5. Cena (O amor vulgar) Terminada a dança, ouve-se na rua um assobio: é o noivo da ciganita que avisa da sua chegada. - Ciganita (Com alegria) Já aí está! Já aí está! Saí a correr Copia de amor na música, sem palavras. Candelas vê sair a outra ciganita, aproxima-se a janela. - Candelas Olha a noite com desolação. Nada, nada, e sempre nada!

6. Romance de pescador Regressa ao centro da cena e recita com expressiva monotonia. Por um caminho ia eu buscando a minha sorte: o que os meus olhos olharam o meu coração não os esquece. Pela vereda ia eu. A quantos o conhecem – Havei-lo visto? – perguntava, e ninguém me respondia. Pelo caminho ia eu e o meu amor não aparecia. O pranto do coração pelo rosto me caía. A vereda espreitava e o dia ia-se acabando. À beirinha do rio estava um homem a pescar.

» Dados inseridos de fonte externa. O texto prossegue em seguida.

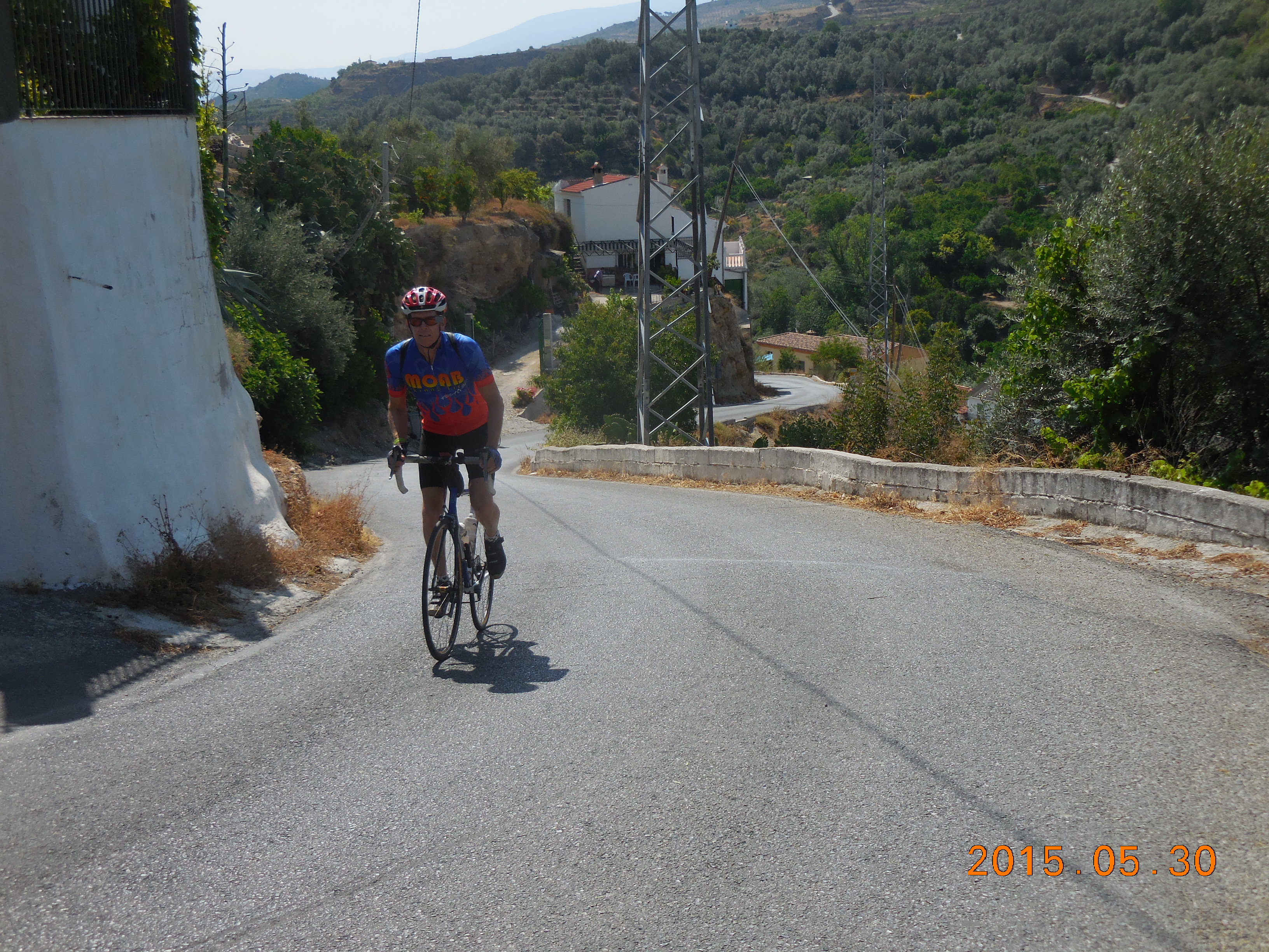 It’s a lovely long climb (with a few descents), starting in Órgiva and ending in Trevélez, passing through many small white villages on the way. These white village are a feature of the Alpujarra region of Andalucía. There are many sections of consistent 6-7 percent gradient, with a few short pitches of 8-10 percent.
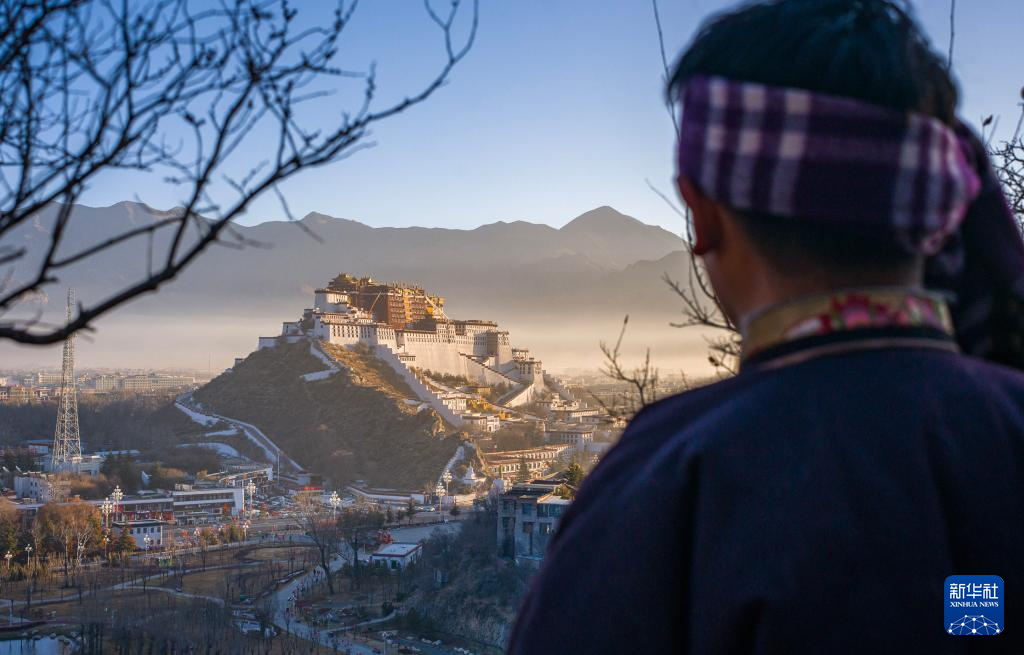 2月18日,拉薩市民在眺望晨光照耀下的布達拉宮。新華社記者 丁增尼達 攝

Enquanto as águas corriam ia o pescador cantando: Não quero apressar os peixinhos do rio; quero achar um coração que perdi! - Pescador que estás pescando, se perdeste um coração, a mim mo estão roubando à traição. A água levantou-se ao ouvir falar de penares de amantes e disse com rouca voz: Pescador e caminhante, se sofreis os dois, há no monte uma gruta, na gruta há uma bruxa que sabe de feitiços de amor! Ide busca-la que ela remédio vos dará! Isto disse o rio, isto haverá que fazer… À gruta da bruxa tenho de acudir! Se ela não me dá o remédio quero morrer!

7. Intermédio (Pantomima) Segundo Quadro

8. Introdução (O fogo-fátuo) A gruta da bruxa. É noite: a gruta está deserta e escura, mas ao fundo vê-se um caminho de montanha com figueiras-da-índia e espinhais, iluminando pelo luar. Ao subir do pano, salta do solo um fogo-fátuo, que percorre a gruta numa dança fantástica, passeando pelo ar, pelo chão, pelas paredes, etc. Na orquestra desenha-se o motivo do fogo-fátuo, que depois se transformará na dança.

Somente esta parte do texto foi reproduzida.